Bon, apriori, ce SSD est un peu lent  :Very Happy:   Y'a aussi laptop-mode qui doit retarder les écritures sur le disque et la config du noyau en CONFIG_NO_HZ=y / CONFIG_RCU_FAST_NO_HZ=y (entre autres paramètres) pour préserver la batterie qui peuvent (peut-être) entrer en compte. Mais là, c'est juste horrible...

A la longue je pense désactiver tous les types de mise en veille pour restreindre le temps d'exécution d'un potentiel reiserfsck. Au pire je configurerai rc.conf avec rc_parallel.
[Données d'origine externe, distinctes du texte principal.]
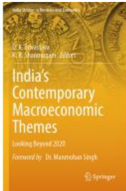
India's Contemporary Macroeconomic Themes Ladenpreis: 175,99EUR
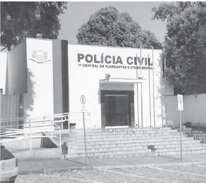
Caso foi registrado no plantão policial em Rio Preto

continha no site e negociou a compra do veículo por meio de lances online. Na sexta-feira, 5, ele fez o depósito de R$ 29,4 mil em uma conta de uma agência bancária de São Caetano do Sul (SP). Ao chegar no endereço em Rio Preto para pegar o carro, o empresário descobriu que no local não funcionava nenhuma empresa de leilão. Ele percebeu que caiu em um golpe e procurou a delegacia para registrar um boletim de ocorrência.
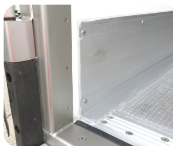
Borracha rotura ponte térmica e perfil alumínio de transição para o piso
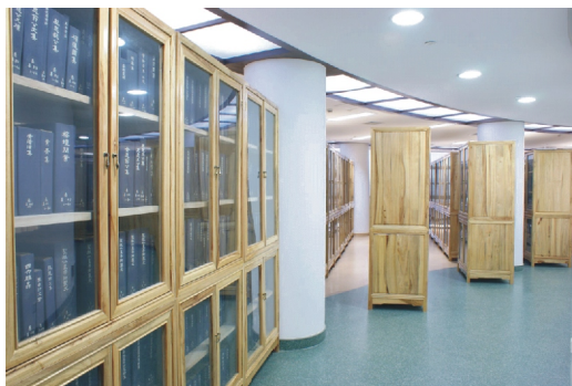
【華師大圖書館古籍書庫】
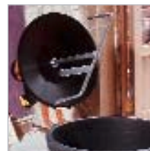
Einfach zu reinigende Wanne und Schaufeln
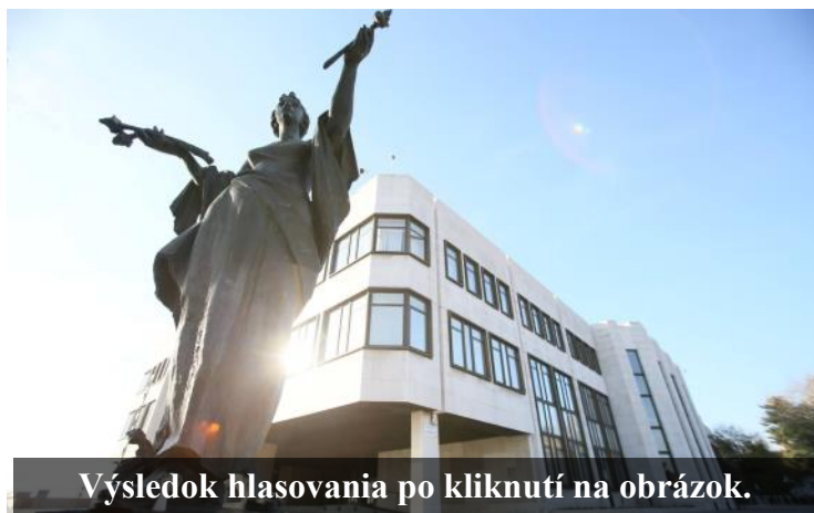
Výsledok hlasovania po kliknutí na obrázok.

Výsledok hlasovania si môžete pozrieť po kliknutí na dolný obrázok. Celý návrh zákona a dôvodovú správu si môžete prečítať po kliknutí na horný obrázok.
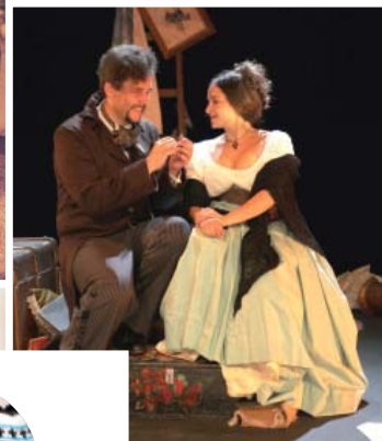
Il faut qu'une porte soit ouverte ou fermée (Théâtre)
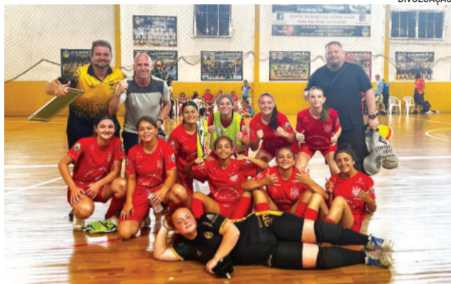
Teutonienses fizeram bonito em Foz do Iguaçu

O Baile de Munique encerrou sua participação na Copa Mundo do Futsal Feminino de Base 2025 no sábado (20/12), em Foz do Iguaçu (PR), e traz muito mais do que resultados em sua bagagem. A presença da equipe na competição foi marcada por superação, resiliência e pela força de atletas e famílias que se recusaram a desistir diante do suposto golpe financeiro aplicado pelo antigo treinador da equipe.
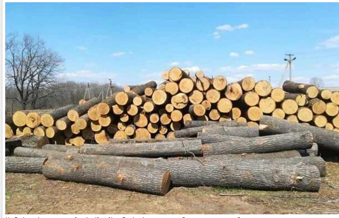
На Львівщині викрили посадовців підрозділу «Галсільлісу» на масштабних незаконних вирубках

Оперативники департаменту стратегічних розслідувань Нацполіції викрили посадовців Золочівського дочірнього лісгосподарського підприємства «Галсільлісу» на незаконних рубках дерев на майже 600 тис. грн.
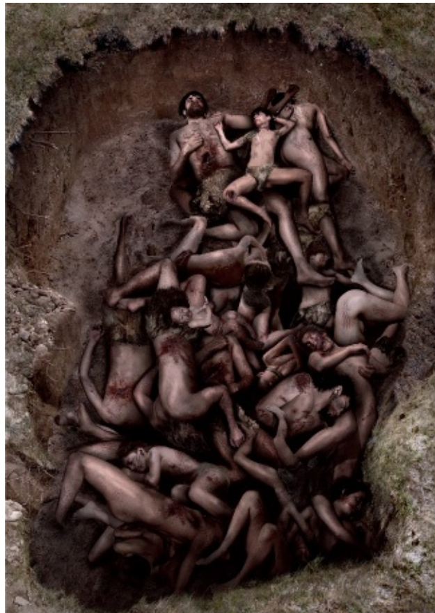
Recreación de la fosa de Talheim (Baden-Wurtemberg, Alemania). Los restos localizados por los arqueólogos pertenecen a familias que podían estar emparentadas y que fueron aniquiladas en un ataque fulminante en el que se utilizaron hachas pulimentadas. Ilustración de Mar H. Pongiluppi.

Este ejemplo de masacre entre campesinos no es el único que conocemos. En las localidades de Asparn-Schletz (Austria) y Manheim (estado de Baden-Wurtemberg, Alemania) también se localizaron yacimientos neolíticos con brutales masacres. Pero los europeos no eran los únicos campesinos irascibles. Las potentísimas murallas de Jericó (Palestina), levantadas a partir del v milenio a. C., indican que las sociedades neolíticas de Oriente Próximo conocían el miedo y la violencia.
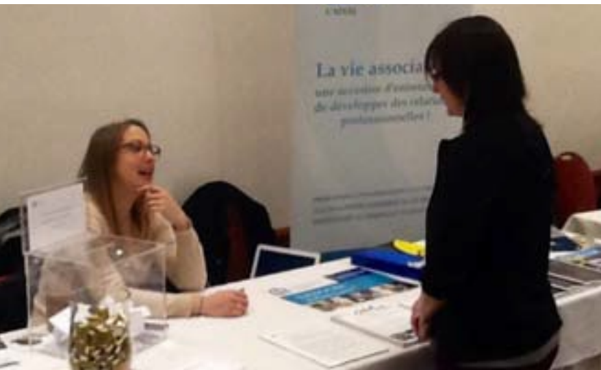
Présence de L'ADOQ au congrès de L'AQIFGA
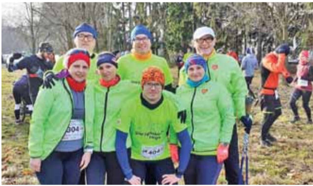
Ekipa ze Starzyńskiego Biega lubi pobiegać po łódzkich górkach.
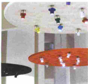
ARTEMIDE NAÒS design Carlotta de Bevilacqua

Una superficie con proprietà di assorbimento del suono sostiene 12 elementi LED orientabili: un sistema brevettato che garantisce la massima flessibilità nella gestione della luce attraverso piccoli spot che, con un giunto sferico, si connettono alla superficie permettendo di orientare un fascio di 30°. Questa soluzione consente di modellare un illuminamento uniforme e confortevole in un'area di 1 mq definendo una territorialità percettiva sostenuta dal controllo acustico.
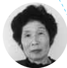
ヘルスマイト白石
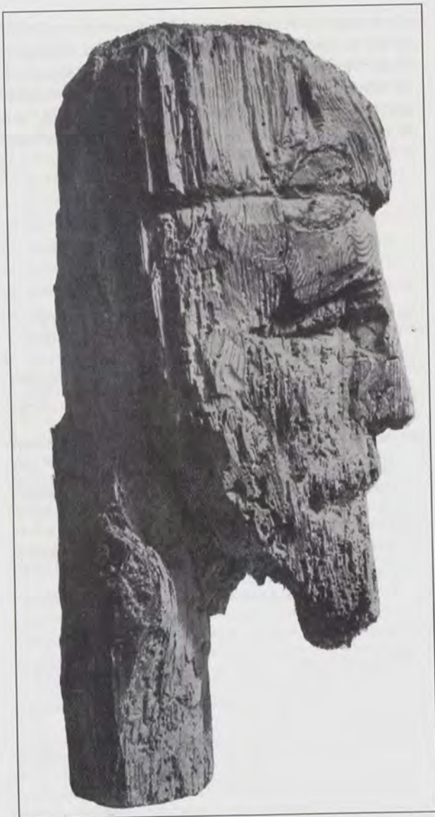
Rafael Pi Belda, Cabeza , 1960

luces y colores que quedan expuestas a los más diversos aires, a las confluencias que quisiéramos más arriesgadas" (50) .
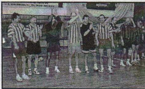
Z zajęcia II miejsca również można się cieszyć- zespół TKKF 2 Ozorków

W godzinach od 14.00 - 20.00 w sportowej atmosferze trwała walka na dwóch boiskach w Hali. Po ciężkim finałowym meczu, zwycięstwo nad zespołem TKKF 2 Ozorków odnieśli siatkarze z JW Leźnica 2 : 1. Pozostała kolejność była następująca: III miejsce TKKF Wieluń; IV miejsce ZPB S.A. "Morfeo"; V miejsce Zawodowa Straż Pożarna; VI miejsce Ozorkowska Spółdzielnia Mieszkaniowa; VII miejsce Policja. MAK
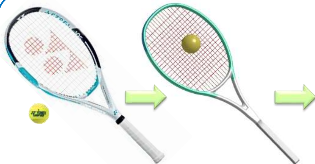
テニスラケットとボールの解析モデル構築
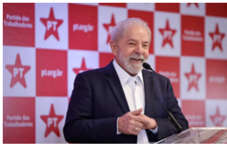
Lula da Silva: aumenta aprovação entre os pobres e diminui entre os ricos

A pesquisa também perguntou aos participantes, diretamente, se aprovam ou não a gestão do presidente Lula. Dentre os ouvidos, 49% aprovaram e 45% desaprovaram, enquanto 6% não responderam. No levantamento anterior, 50% aprovavam e 44% desaprovavam.
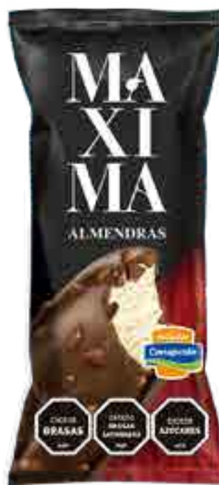
Maxima Almendras Cont. Neto 65 grs
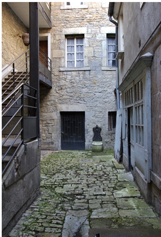
Vue d'ensemble du logis secondaire sur cour. 25, Besançon, 3 rue Bersot, lieudit : îlot Proudhon
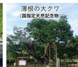
薄根の大クワ(国指定天然記念物)
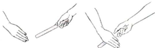
Рис. 2. Передача палочки

Методические указания. Выполнять в парах, меняться после каждой передачи, передающий выходит вперед.
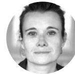
Christine Pelissier Avocat Cabinet FIDAL
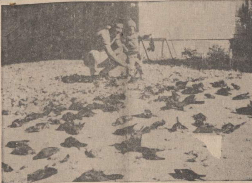
Grundy Center, Iowa, gyventojai, baigę "totalistinį karą" prieš žuokius (blackbirds), kurio metu sunaikino 4,000 paukštukų, dainuoja pergalės dainą "Bye, Bye Blackbird".

HEIDELBERGAS, Vokietija. — JAV armijos sargybiniai sukėmė Sovietų kariuomenės pulkininką ir jo šoferį uždraustoj vietoj, kur statoma Nike raketų bazė netoli Dallau. Kaip pagautieji aiškinosi, nežinia. JAV armijos atstovas pranešė, kad pulkininkas ir jo šoferis buvo paleisti po penkių valandų.

Ou alors patcher le noyau avec BFS pour avoir un meilleur I/O scheduler ? si cela fonctionne bien, je pourrais peut-être voir avec sys-kernel/pf-sources qui est également patché tuxonice... aurais-tu déjà testé ce noyau (ou un autre qui pourrais être intéressant) ? si BFS est stable, je pense conserver mon noyau actuel mais juste le patcher avec BFS... si tu as des infos, je suis preneur ^^

Autre chose, j'ai vu quelque part sur le Net que les derniers noyaux Linux avait des améliorations pour le SSD (entre autre, l'utilisation d'un SSD pour l'utiliser comme un cache matériel. Mais bon, j'utilise zram comme tu as pu le constater.)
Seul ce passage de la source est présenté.